Trisura Group Ltd., a specialty insurance provider, reported an operating net income of $33.3 million for the second quarter of 2025, up 6.4% from $31.3 million in the same quarter a year earlier, driven by growth in underwriting income and net investment income.
The company posted a net income of $37.1 million, up 36.8% from $27.1 million, primarily due to higher net gains on its investment portfolio.
Underwriting income for the quarter totalled $28.2 million, a 10.9% increase from $25.4 million.
Net investment income rose 11.6% to $18.9 million from $16.9 million.

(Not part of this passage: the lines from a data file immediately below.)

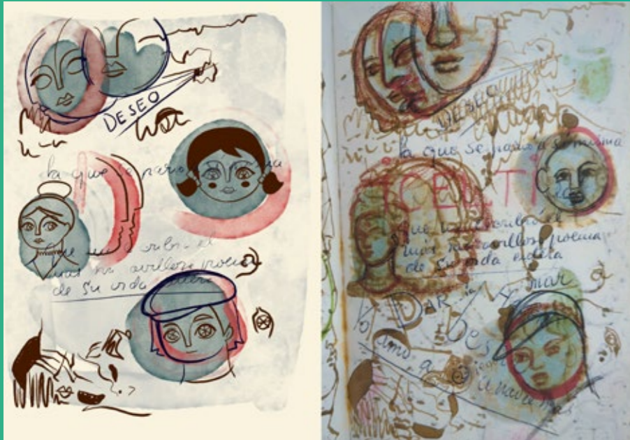
Carnet de dessins, Technique mixte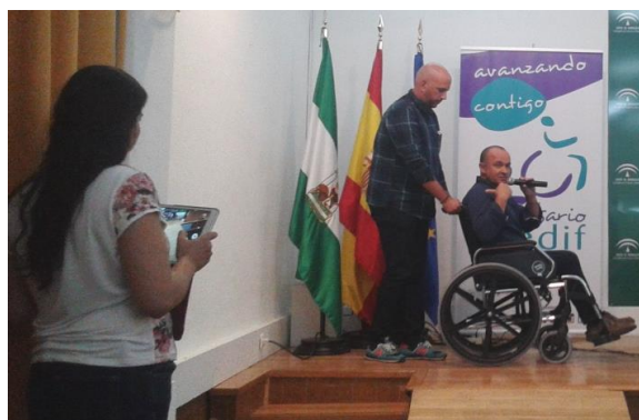
Presentando un supuesto práctico del curso.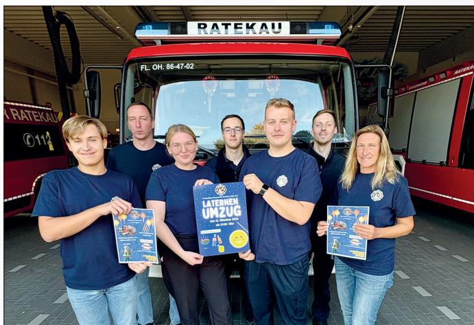
Ab 17 Uhr laden die Kameradinnen und Kameraden der Freiwilligen Feuerwehr Ratekau zum Laternenfest mit Umzug durch den Ort ein.

Ratekau. Am Samstag, dem 12. Oktober, lädt die Freiwillige Feuerwehr Ratekau ab 17 Uhr zu einem Laternenfest ein.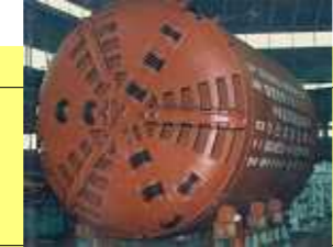
泥水式ハイブリッドシールド 4号機 Hybrid Shield (Slurry type No.4)

No.44 斜坑 TBM (リング方式) No.44 Open type TBM For Hydro Plant Inclined Shaft (Reaming Down)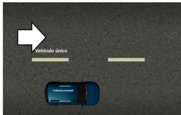
Formación con un vehículo

Esquema de maniobra con 1 un vehículo ofrece poca seguridad y protección para el personaje y personal de seguridad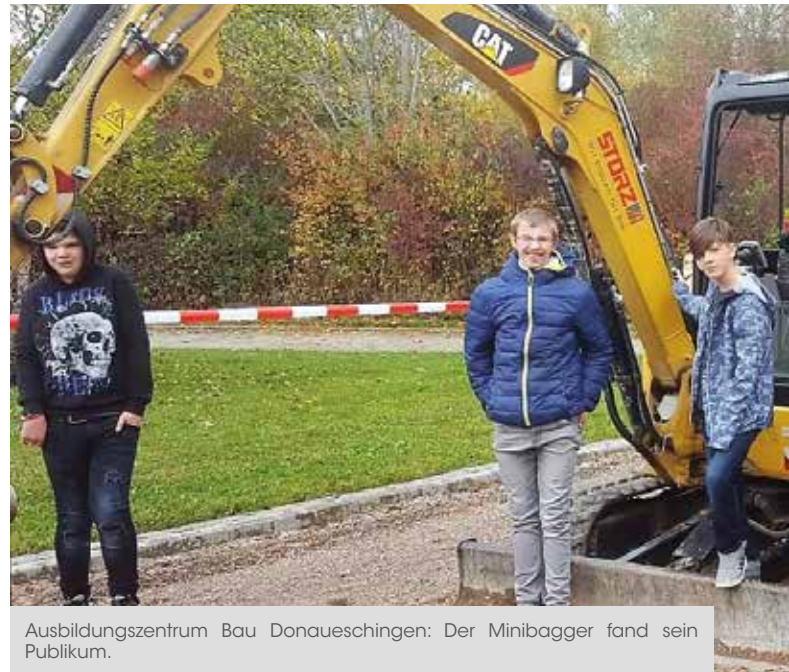
Ausbildungszentrum Bau Donaueschingen: Der Minibagger fand sein Publikum.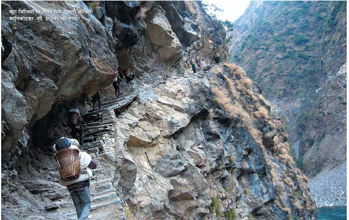
खुट्टा चिप्लियो कि न्यान गया । यस्तो जोखिम कालिकोटका थुप्रै ठाउँमा भाल्नुपर्छ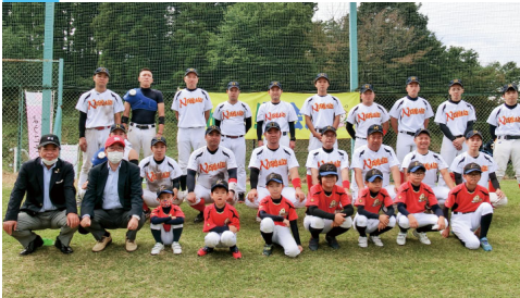
市町村対抗スポーツ大会への参加や、スポーツ少年団員の育成を支援

Despite strong underwriting performance across the portfolio, Trisura’s combined ratio increased by 0.9 points to 85.6% in Q2’25, compared to 84.7% in Q2’24. This was driven by a rise in the expense ratio to 52.4% from 51.3%, which more than offset a slight improvement in the loss ratio to 33.2% from 33.4%.
Gross premiums written amounted to $900.4 million, down 5.8% from $956.1 million.

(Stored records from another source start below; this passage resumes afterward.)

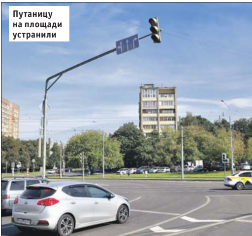
Путаницу на площади устранили

? На площади Бельи Куна есть дорожный знак, который указывает автовладельцам направление движения по полосам, но он не соответствует разметке — неверное количество полос. Просьба проверить и заменить его.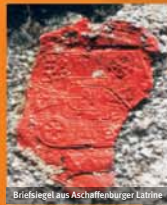
Bricksiegel aus Aschfänger-Labrine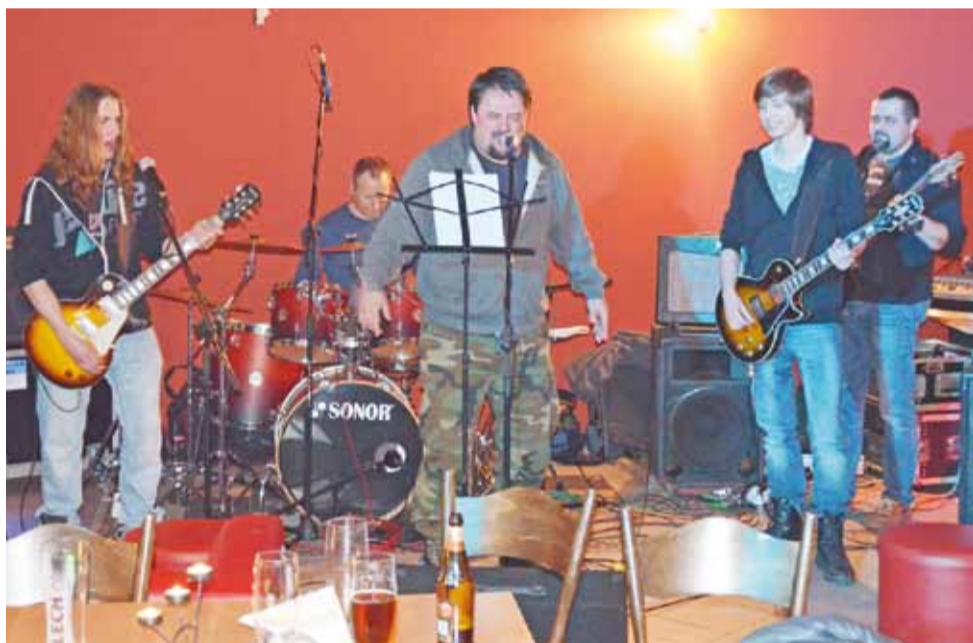
Mocny akcent na zakończenie koncertu – zespół bez nazwy (czyli de facto The Thrill ze zmienionym wokalistą) śpiewa piosenkę Proletaryatu.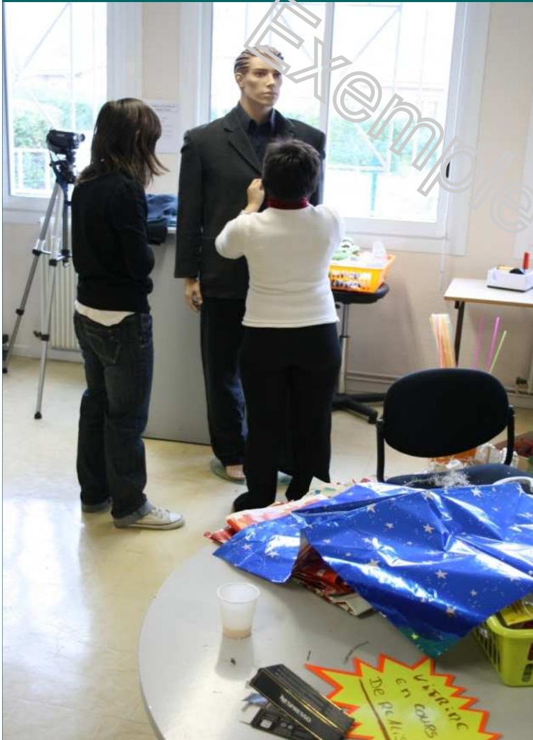
Préparation des mannequins

... qui permet aux élèves de faire travailler leur imagination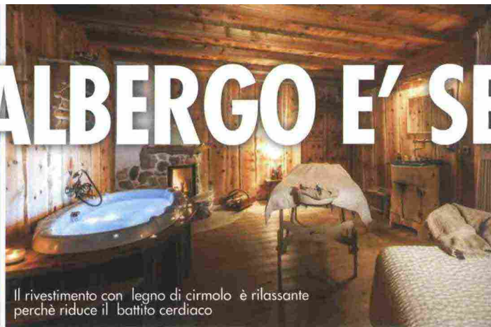
Il rivestimento con legno di cirmolo è rilassante perché riduce il battito cardiaco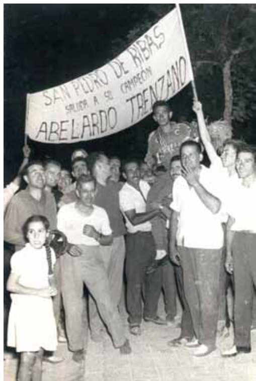
14 d'agost de 1960 a la plaça Marcer, celebrant la gran victòria del Campionat de Catalunya de Vallmoll.

havia cap rival capaç de frenar-lo. Va arribar a proclamar-se campió de Catalunya de la categoria. Aquesta va ser una de les carreres més importants, i molts aficionats ribetans van anar fins a Vallmoll (Tarragona) per poder veure'l. Era el 14 d'agost de 1960, mentre esperaven allà, preguntaven als corredors qui guanyaria la cursa, aquests els contestaven "el caballo loco" i així va ser. De tornada a Ribes, tot el poble l'esperava per poder celebrar aquella victòria davant del Quo Vadis, amb pancartes i cridant. Va ser un dia de celebració que encara avui el recorden com si fos ahir.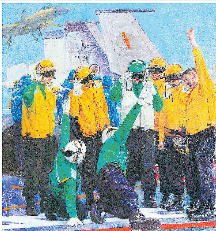
《起飞示意》油画 吴玉麟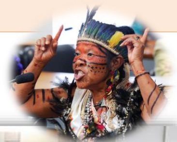
RE 56, 10/08/2017.

Net insurance revenue increased by 18.1% to $195.8 million from $165.8 million.
The company posted an operating return on equity (ROE) of 17.8%, down 1.8 points from 19.6% a year earlier, as strong profitability from core operations continued but was partially offset by disproportionately higher shareholders’ equity due to unrealised gains on the investment portfolio.
David Clare, President and CEO of Trisura, said, “In Q2, we achieved a strong Operating ROE of 17.8% with Operating net income of $33.3 million or $0.69 per share. We continued to benefit from our Specialty focus, disciplined underwriting and growing investment income. Profitable underwriting resulted in a quarterly Combined ratio of 85.6%. We observed the most significant growth in Primary Lines, with a 35.1% increase across segments which carry a significantly higher underwriting margin profile and contribute most meaningfully to profitability.
“We continue to make progress in our Surety platform, with 60.7% growth in quarterly premiums as we gain momentum in the US and expanded our Canadian presence. In the quarter, we further capitalized our US Surety balance sheet, enhancing its capacity to underwrite, while maintaining a conservative 13.8% Debt-to-capital ratio, demonstrating a strong posture to continue pursuing accretive growth.
“Consistent growth in book value, reaching a new record $843 million at Q2, has been achieved through strong underwriting and investment returns.”